Sean Michael at Lovepedal is clearly a busy man. In this month's print issue, we reviewed four of his new line of ultra-compact pedals
, and now we’re back to check out a pair of very different new offerings, the Kalamazoo and RedHead.
Both the Kalamazoo and RedHead are housed in die cast aluminum cases the same basic size and shape of an MXR Phase 90 (4.37” x 2.37” x 1.07”). The battery compartments are accessed via the back panel by removing four machine screws. For those who power their effects with a power supply, there is a 9VDC input located on the left side of the pedal. Each pedal also features true a true bypass stomp switch with accompanying blue LED. The input and output follow tradition with the input jack on the right and the output jack on the left.
I tested both pedals out with a Gibson Les Paul, Fender American Standard Strat and a Hamer Korina Special into a 3rd Power American Dream combo (blackface and brownface-inspired channels) and a 1970 Marshall Superbass through a Mojave 2x12 with Eminence Governor and 70s blackback Celestion G12M.
||Download Example 1
Les Paul, hard rock rhythm tone
||Download Example 2
Les Paul, sharp, focused high-gain tone
||Download Example 3
Strat, Ritchie Blackmore tone
|All clips recorded through a 3rd Power American Dream combo with an SM-7 into a Summit Audio TPA-200B tube mic pre, direct into Pro Tools.
The RedHead is finished in a deep, fire engine red, which coincides with the aural design of the pedal—deep and fiery.
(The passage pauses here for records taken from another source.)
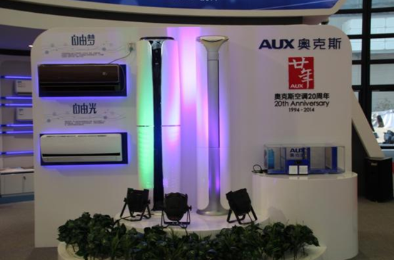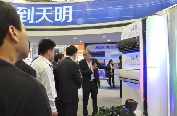 (奥克斯展出的LV“自由梦”空调新品成为展会上的一抹亮色)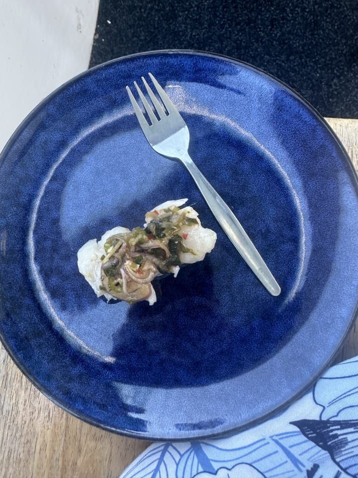 We had an extremely talented chef on board who prepared an amazing 7 course meal for us and one of those delicious courses was Sashimi Pearl Meat. Perfectly sumptuous.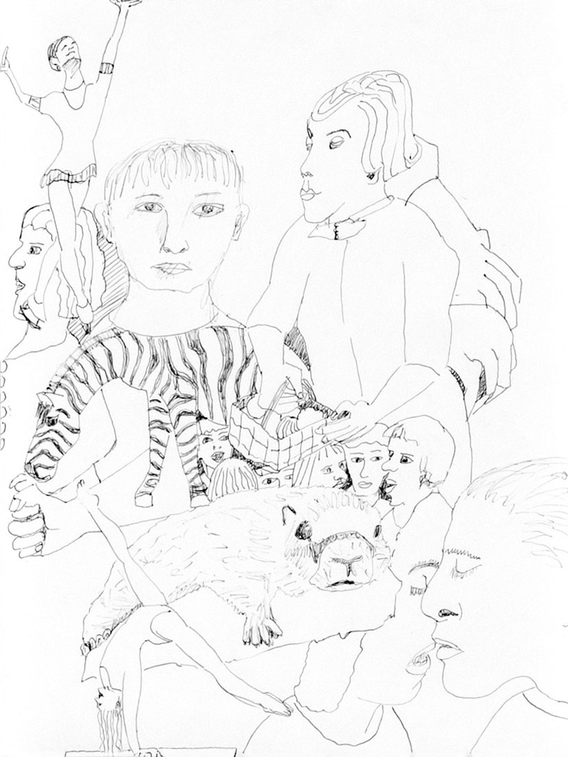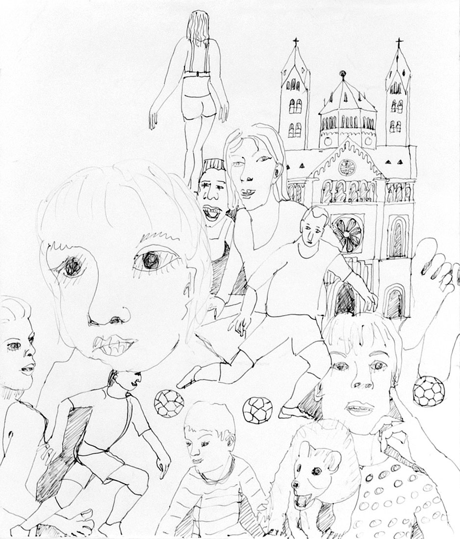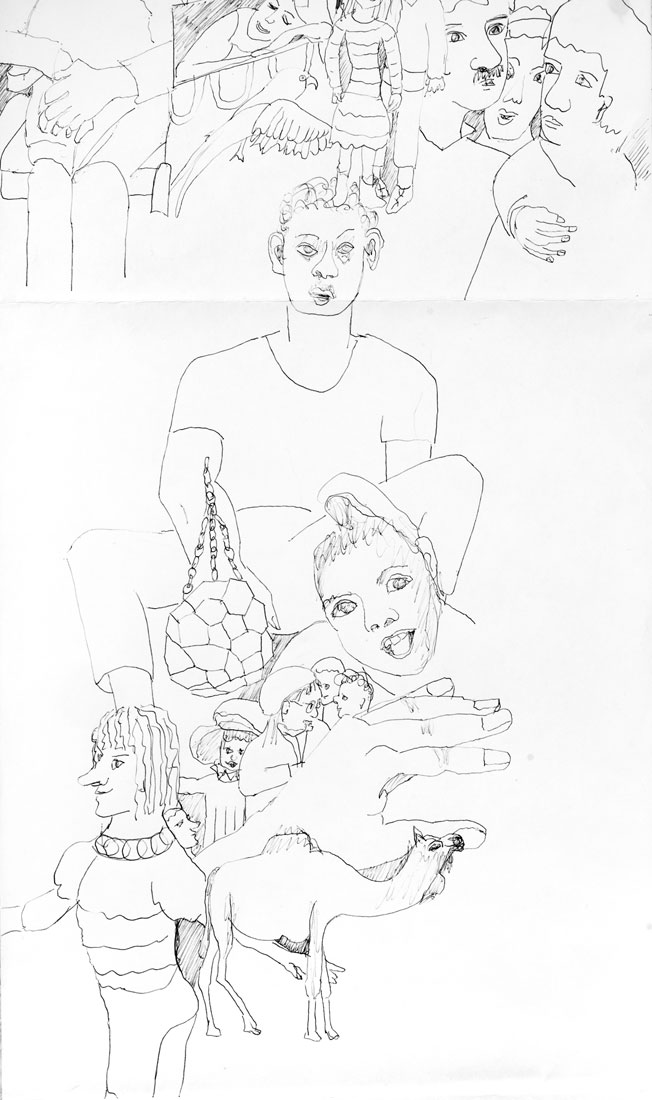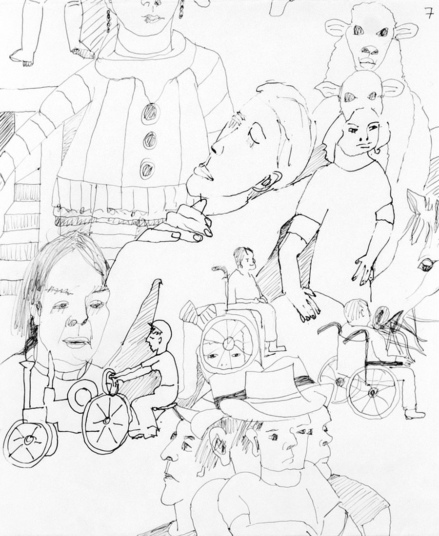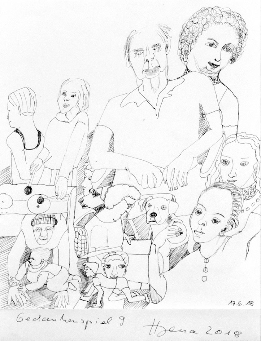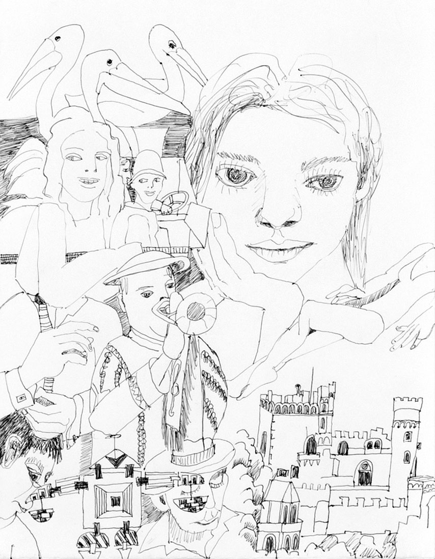 Kaleidoskopartig festgehaltene Szenen, was die Künstlerin sieht, träumt, denkt oder sich wünscht. Leporellos (je 160 x 23 cm) mit jeweils 5 Zeichnungen mit Kugelschreiber, vertikal hängend.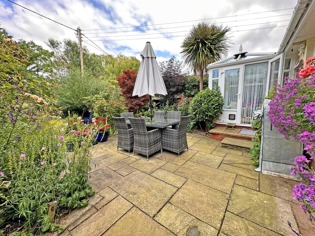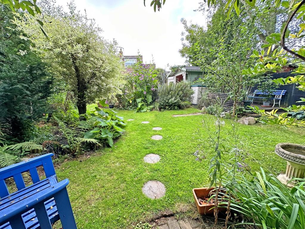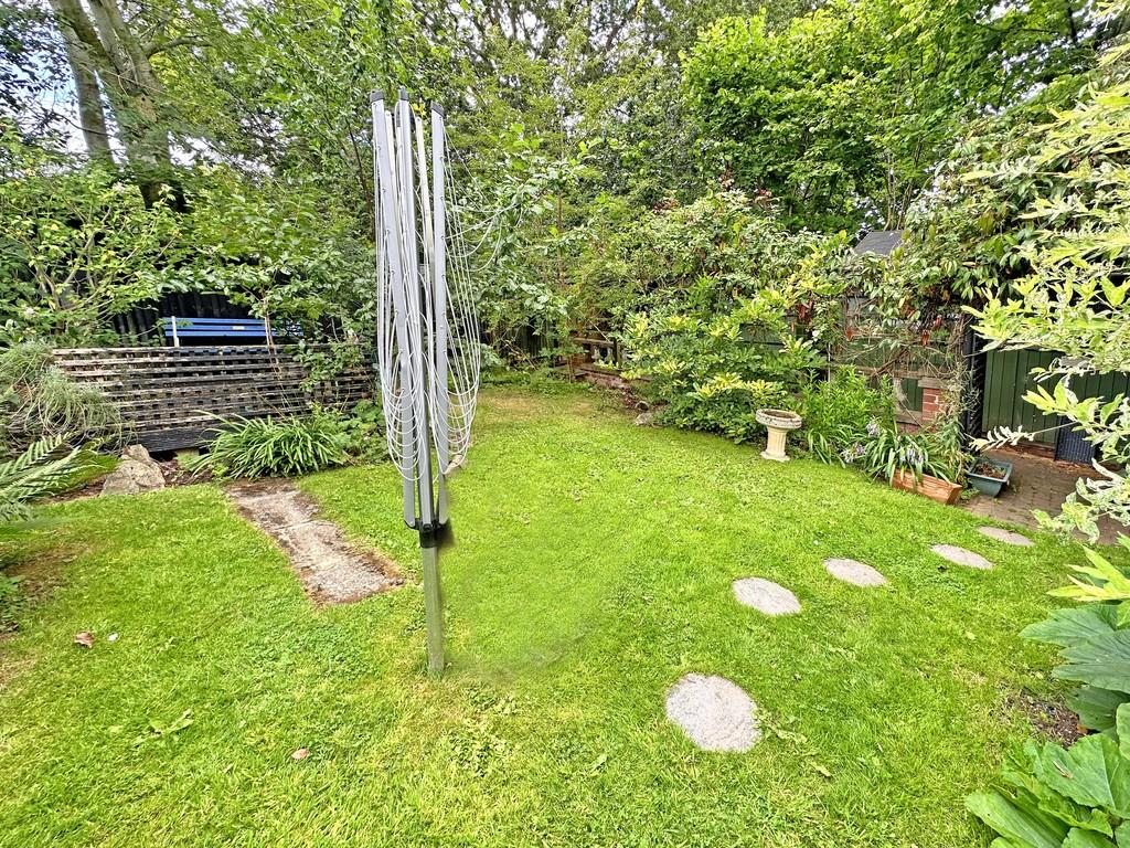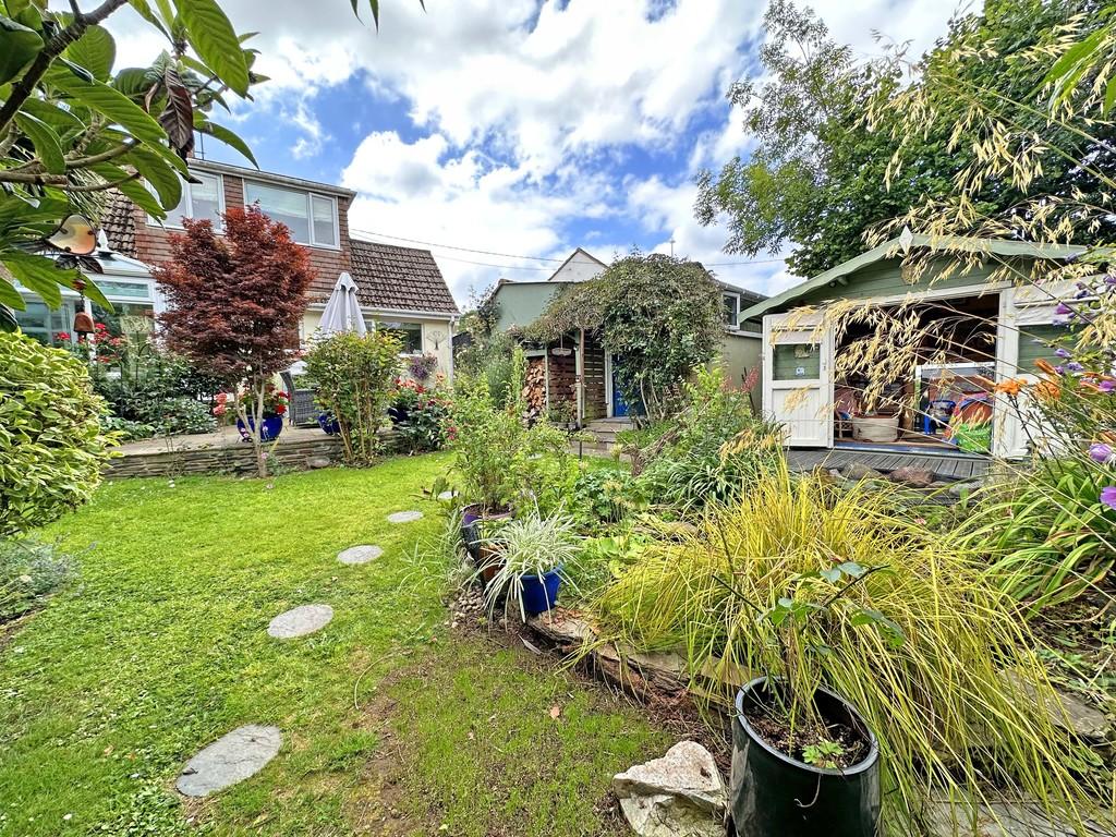 REAR GARDEN Beautifully landscaped rear garden with paved patio adjoining the rear of the property with two steps down to a lawned garden area with wonderful timber summer house overlooking a water feature and a range of beds and borders stocked with an abundance of mature plants and shrubs. Step stone path leads down to a further lawned garden area with a raised timber decked area and an archway leading to a concealed area with two large timber sheds. Also accessed through the garden is a utility room located behind the garage.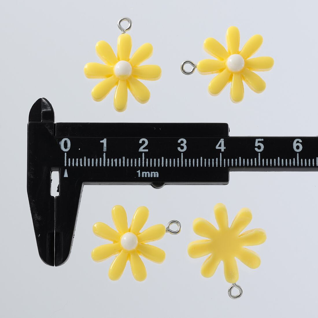 送料無料 チャーム フラワー カン付 咲くまくり花びら 20個 イエロー チャームパーツ 花 アクセサリーパーツ AP1869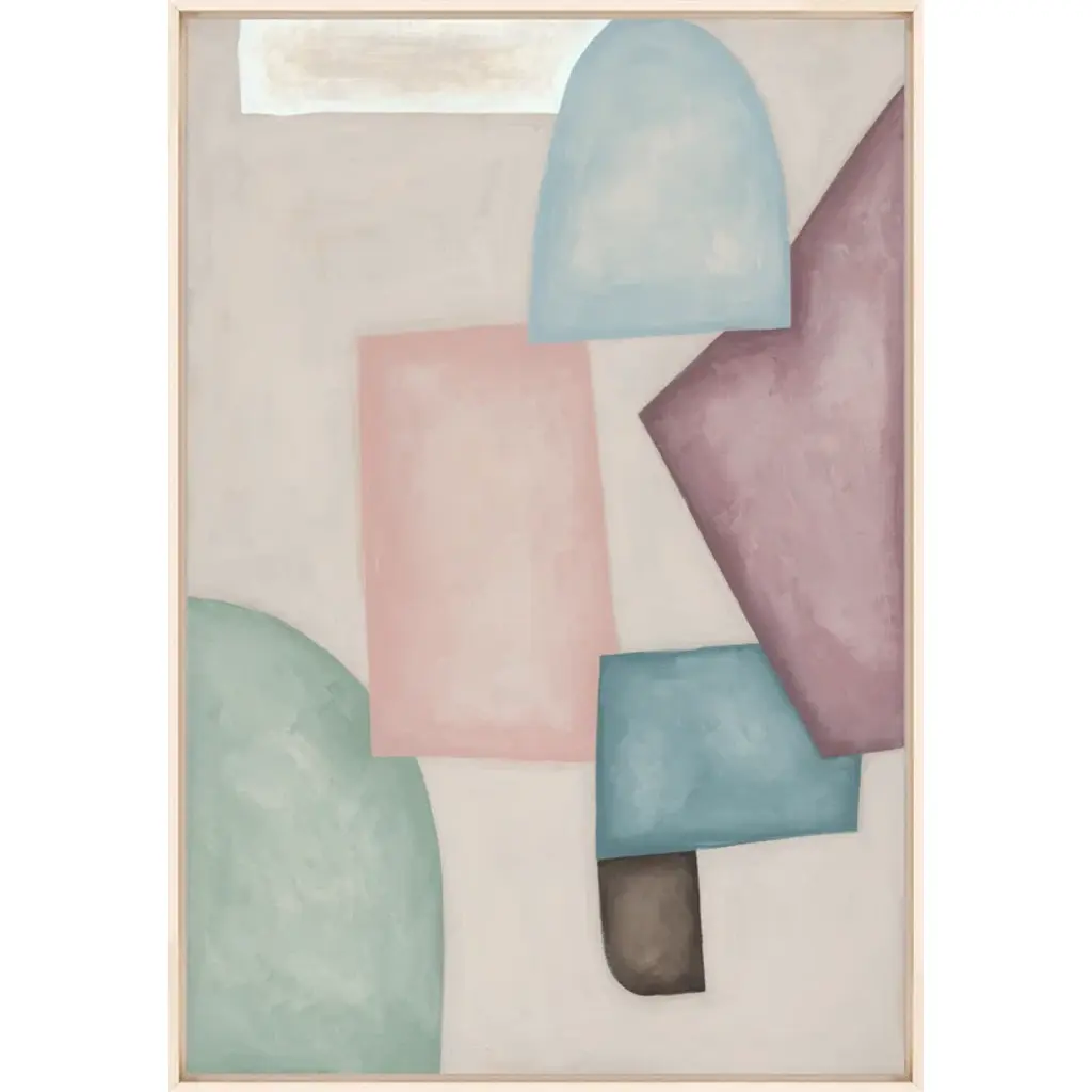 A Highlight of Fuchsia. This print is a reproduction of watercolor work by abstract painter Julia Balfour, who allows layers of pure color to construct their own shapes + find their places in this composition. It’s printed on paper in the USA, and arrives in a wooden frame with hanging hardware.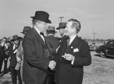 Rayburn homecoming celebration. Left to right, Senator Connally and Myron G. Blalock of Marshall, Texas. They both wears suit and shake hands. Published on October 23, 1940.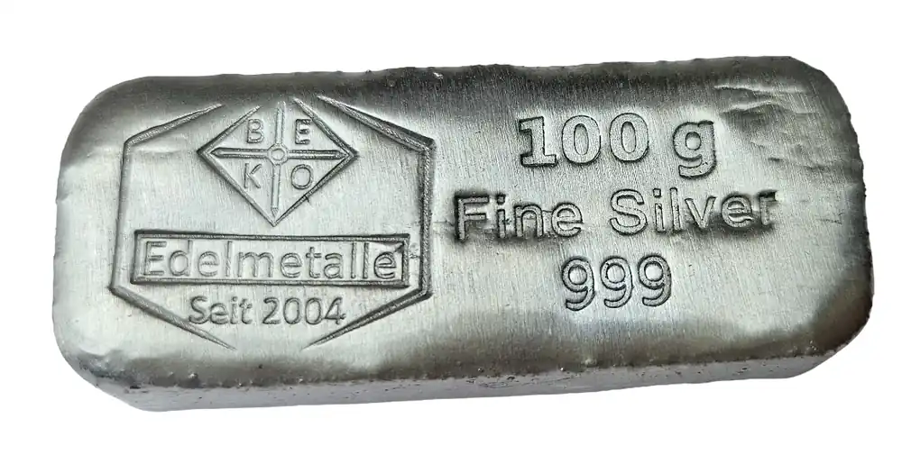 BeKo Edelmetalle 100 Gramm Silberbarren 999 Feinsilber (gegossen) Sammlerbarren Großhandel

Controls are Volume, Sustain, Tone, and Mids. Like the Kalamazoo, the top two controls (Volume and Sustain) are black knobs with white pointers, and the Tone control is a trim post. The Mids control is a switch rather than a knob and clearly kicks in a different midrange voicing. According to the website, this pedal is designed for high gain and explosive feedback generation. Let’s plug it in and see how it fares.
Once again I began with the Les Paul/Marshall combo and set all controls midway and the Mids switch in the left (off) position. This is clearly a different beast than the Kalamazoo, and I mean “beast” in the best way. The tone went from a dirty clean to a volatile monster with a downright irreverent mid sound that Billy Gibbons would be proud of. All the honk, grease, and gain you ever wanted came screaming right out of the gate.
Backing the Volume down and pushing the Sustain up resulted in a screaming, fiery sound with a pronounced pick attack that added an aggressive quality to the already aggressive tone. Pinch harmonics were never so easy to achieve, until I switched on the Mids switch. With the Mids on, there was a good amount of volume boost as well as a boxy tone that had honk and bite at the same time. Boxy isn’t a word usually used to describe a desirable sound but in this case it is—total character.
On the RedHead, the Tone control is the reverse of the Kalamazoo in that it adds bite and presence to the sound. I found myself constantly tweaking it to achieve various sounds from biting and angry to smooth and sustained. Backing the Sustain off to around noon and cranking the Volume resulted in the thickest, most badass attack I’d heard through my Marshall in years, and I loved the sound of the amp acting like it was going to give way at any second. This is not a subtle pedal!
The Strat ended up being my favorite guitar with the RedHead. As a huge Ritchie Blackmore fan, I loved how it easily conjured up Rainbow tones like “All Night Long.” Blackmore’s tone has always been a favorite of mine because it was aggressive yet clear, and when he hit chords hard you could tell the amp was ready to explode. Even in relatively low volume settings on both the Marshall and American Dream, it was easy to recreate that vibe.
The beauty of this pedal once again lies in the interplay between the controls. Much like a master volume tube amp, when you push up the Volume the tone resembles the thickness of power tube distortion and the Sustain acts very much like preamp distortion. With the combination of the two and setting the amp up to clean or slightly dirty there are a huge range of distortion tones available. Add in the ability to dial in extra mids or bite through the Tone and Mids and the possibilities are endless.
If you bought this pedal only for the ability to create aggressive and cool harmonic feedback it would be worth the price of admission. The fact that the RedHead offers up everything from vintage-inspired gain to modern, aggressive distortion made it a winner on every level for me.